Items from a data source>
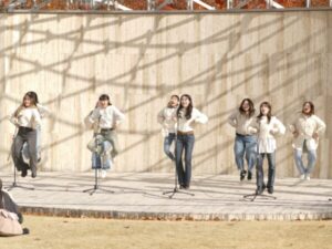 門倉ゼミは、学内の様々なコースのメンバーが参加して振り付け、アレンジ、楽器演奏など、お互いアイディアを出し合い、アートマネージメントスキルの習得を目指したポップスコーラスの自主コンサート開催を行っています。地域連携コンサートやアーティストとの共演、動画の公開など、多彩な活動を通じてポップスコーラスの準備から開催までのノウハウを学んでいます。
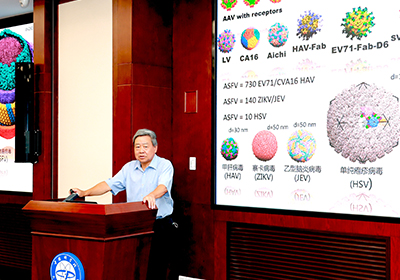 报告中,饶子和详细介绍了其在解析COVID-19病原体SARS-CoV-2的一系列工作,通过构建SARS-CoV-2巨大的蛋白质复合体,以结构生物学视角研究了SARS-CoV-2在宿主细胞中的复制等过程,为开发SARS-CoV-2抗病毒药物提供了思路。
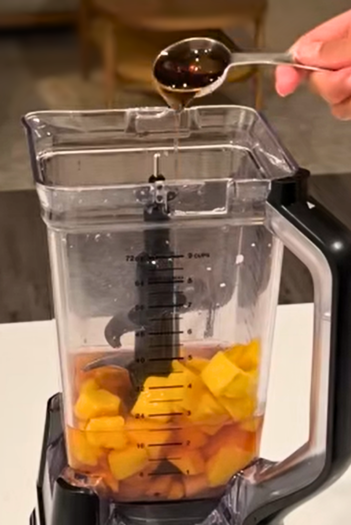 - Add frozen mango, coconut water, lime juice, and agave syrup.
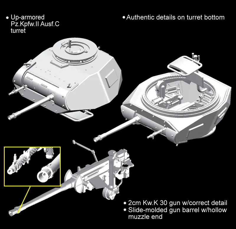 Furthermore, the 2cm cannon is slide molded and possesses a hollow muzzle.
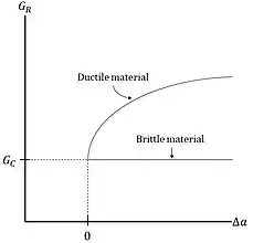Resistance curve of crack extension force versus crack extension for a brittle and ductile material, showing , the critical strain energy release rate.

Exercise goal>
What the answer must hold is the exact text of every line from the one containing "Furthermore, the 2cm" through the end of the data, minus any pictures.

Response below>
 Furthermore, the 2cm cannon is slide molded and possesses a hollow muzzle.
Resistance curve of crack extension force versus crack extension for a brittle and ductile material, showing , the critical strain energy release rate.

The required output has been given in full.